Yup. /r/Datahoarder guided me right. Got two of the recommended model of MyBook and shucked them.
This was 2-3 years ago. Disks are still going strong in my NAS.

klangcola , (edited )

You might want to look up SMR vs CMR, and why it matters for NASes. The gist is that cheaper drives are SMR, which work fine mostly, but can time out during certain operations, like a ZFS rebuild after a drive failure.

Sorry don't remember the details, just the conclusion that's it's safer to stay away from SMR for any kind of software RAID

EDIT: also, there was the SMR scandal a few years ago where WD quietly changed their bigger volume WD Red ("NAS") drives to SMR without mentioning it anywhere in the speccs. Obviously a lot of people were not happy to find that their "NAS" branded hard drives were made with a technology that was not suitable for NAS workload. From memory i think it was discovered when someone investigated why their ZFS rebuild kept failing on their new drive.

zorflieg ,

I think I'd buy 2nd hand quality server drivers before I'd shuck.

jjlinux , (edited )

Indeed. That's how I populated my NAS with 3 10TB drives and saved around 120 dollars total, and this was 4 years ago.

These are the ones I got: https://a.co/d/8x58jBY

The only extra thing was disabling the 3v pin, and that was it. Been running rock solid all this time.
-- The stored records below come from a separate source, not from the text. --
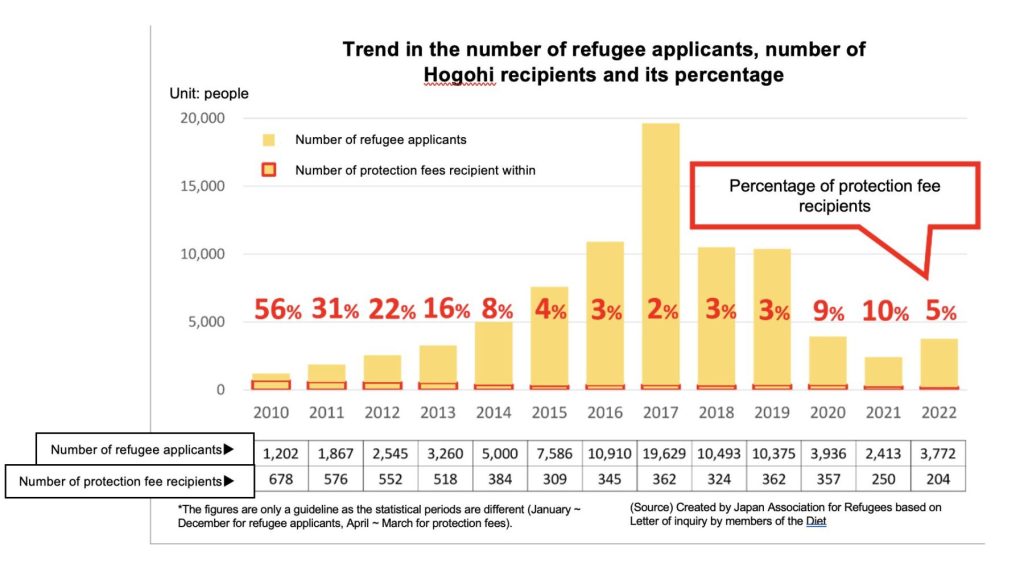 - Because the year of applying for refugee recognition and the year of receiving the protection fee do not necessarily match, and that statistics are captured in different periods (January to December for number of refugee applications, and April to March for protection fees), the percentage of protection fee recipients are only for reference.[↩]
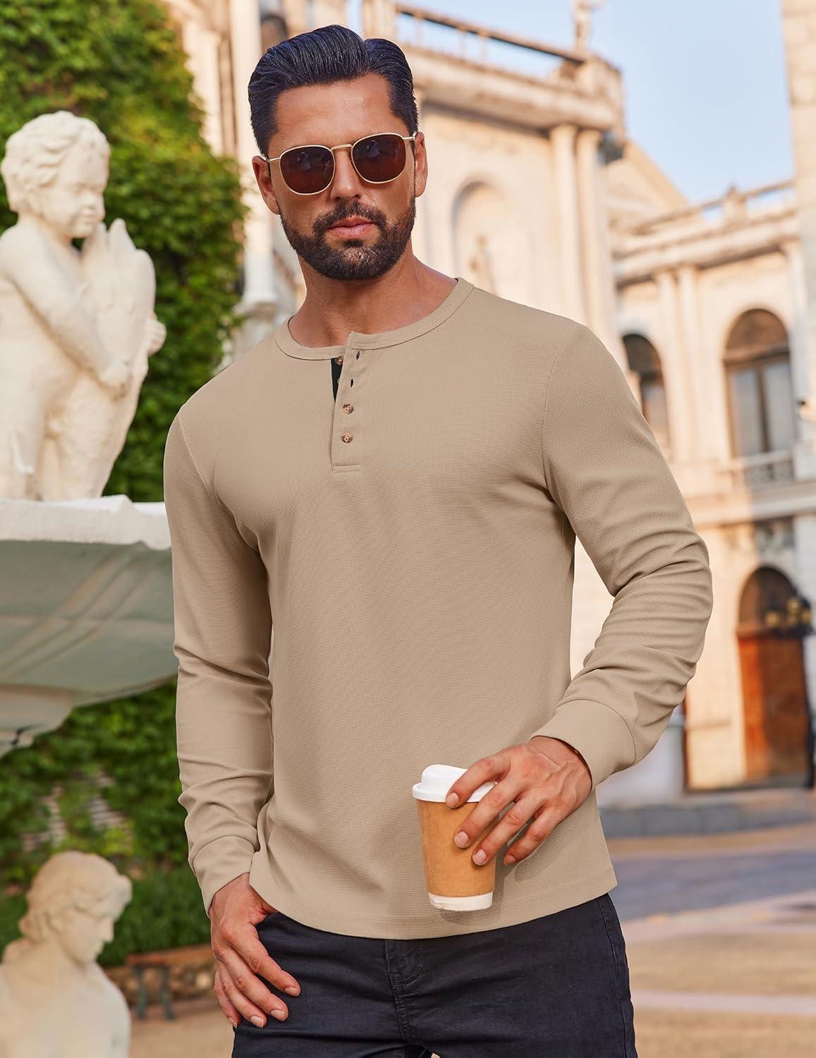 COOFANDY Mens Henley Shirts Long Sleeve Casual Pullover Shirt Fashion Button T-Shirt(Khaki)
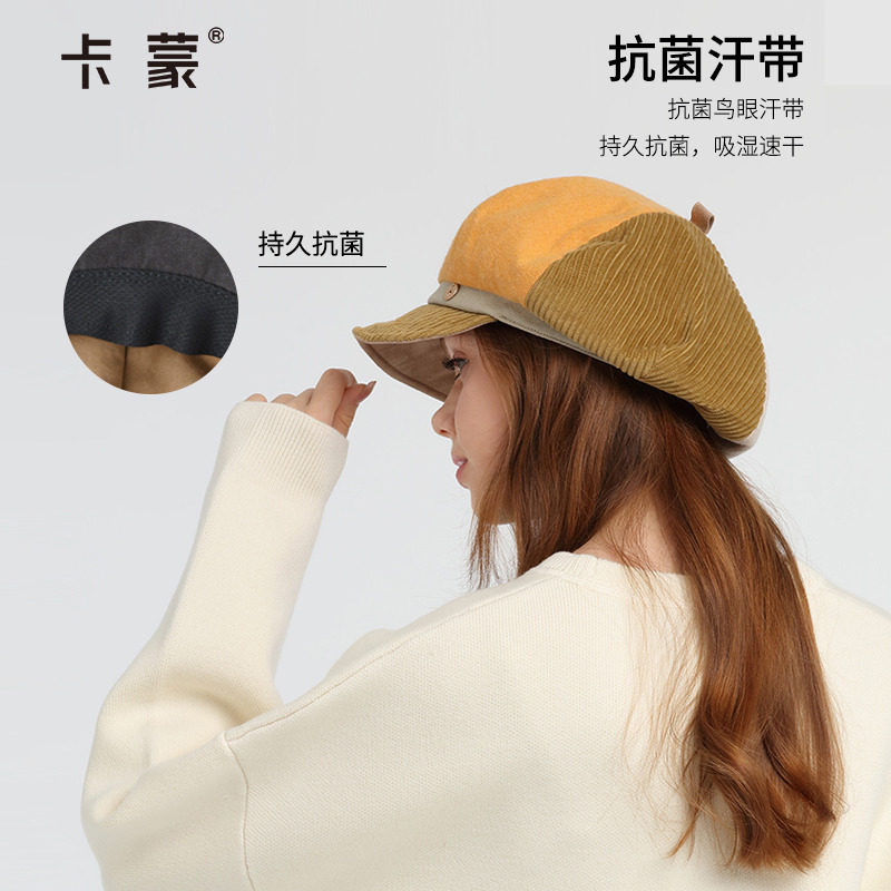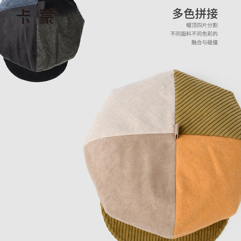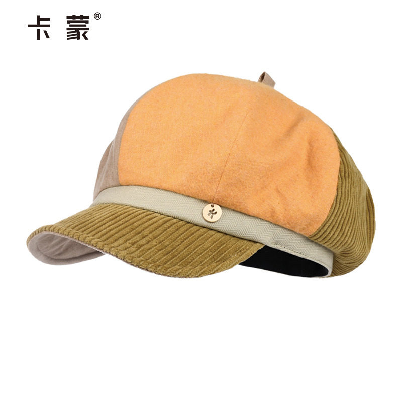 卡蒙日系小香风纯棉鸭舌贝雷帽显脸小女秋冬英伦复古八角报童帽

Just make sure to research what disks are in the external housings you're planning on getting, as not all drives need to have pins removed/covered.

MonkderDritte , (edited )

I did once. Well, more along the lines of "what did i buy this thing for, can use the HDD as is". The HDD had additional contact points at the bottom. Don't remember if they worked as is and what i did with them.